Am 10. Dezember 1910 erfolgte die landespolizeiliche Abnahme der Straßenbahnstrecke. „In Würdigung der Bedeutung dieses Tages waren die Straßen in Ketsch geschmückt und die Straßenbahnwagen mit Girlanden und Fähnchen behangen“, schrieb die Heimatzeitung. Die Festfahrt mit Regierungsvertretern und anderen Ehrengästen startete um 8.45 Uhr in Schwetzingen. In Ketsch angekommen, hatten „an der Endstelle beim Gasthaus ,Zum Enderle’ zahlreiche Einwohner, der Gemeinderat in corpore, besonders Geladene und die Schuljugend mit den Herren Lehrern, Aufstellung genommen.
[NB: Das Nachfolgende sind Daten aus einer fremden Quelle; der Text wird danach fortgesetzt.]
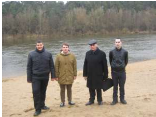
Пляж урочища «Лососно»

Лес остался диким, несмотря на благоустроенный пляж и окружающий городской ландшафт. Поэтому после вхождения этой территории совместно с деревней Лососно в городскую черту решили устаревшее и многим уже непонятное название пляжа заменить на урочище «Лососно», включив сюда
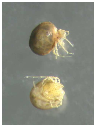
(vodní roztoči) 0,2cm
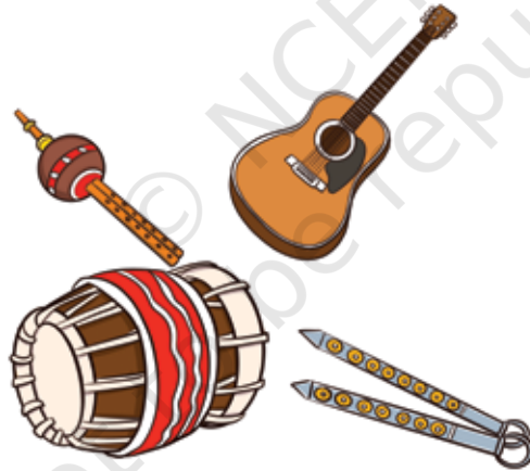
തവിൽ, പൂങ്കി, ചിന്ത, ഗിറ്റാർ മുതലായവയുടെ അകമ്പടിയോടെ ഒരു ഗാനം ആലപിക്കാം.
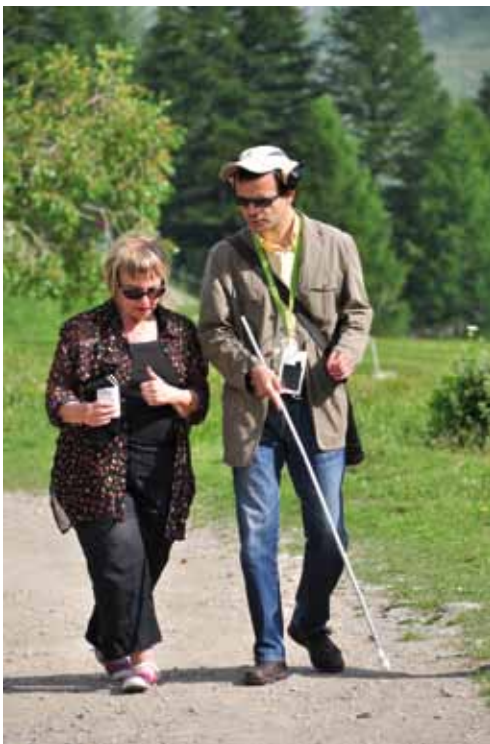
Déficient visuel sur le sentier du Lauzanier - PNM Crédit : Patrick Desgraupes

La loi n° 2005-102 du 11 février 2005 pour l'égalité des droits et des chances, la participation et la citoyenneté des personnes handicapées, a posé le principe d'égalité entre toutes les personnes et l'accès, dans la plus grande autonomie possible, entre autres aux vacances, au tourisme et aux pratiques éducatives, culturelles, sportives et de loisirs.
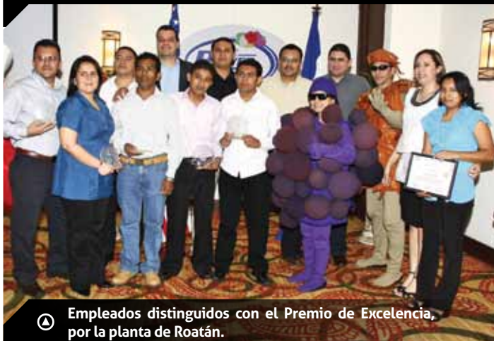
Ⓐ Empleados distinguidos con el Premio de Excelencia, por la planta de Roatán.

Bürgermeister Karl Stratthaus hielt eine Ansprache, in der er ausführte, dass heute für die Gemeinde Ketsch die Hoffnungen eines Vierteljahrhunderts in Erfüllung gegangen seien.“

Nach dem Frühstück im „Enderle“ fuhren die Ehrengäste zurück nach Schwetzingen, um dort im „Adler“ zu feiern. „Gewiss wird der gegenseitige Handel und Wandel einen Aufschwung nehmen und besonders auch die Arbeiterschaft das neue Verkehrsmittel dankbar begrüßen“, sagte der Ketscher Bürgermeister in seiner Festrede optimistisch.

Stockende Verhandlungen

Langfristige Planungen waren der Eröffnung der Straßenbahnlinie vorausgegangnen. Bereits 1907 war in Ketsch die Frage nach einer elektrischen Bahn aufgeworfen worden. Die Verhandlungen stockten immer wieder, bevor das Projekt Gestalt annahm. „In einer Versammlung im Februar 1908 sprachen sich sämtliche Teilnehmer für die Realisierung der Straßenbahn aus“, weiß Heimatforscher Robert Fuchs zu berichten.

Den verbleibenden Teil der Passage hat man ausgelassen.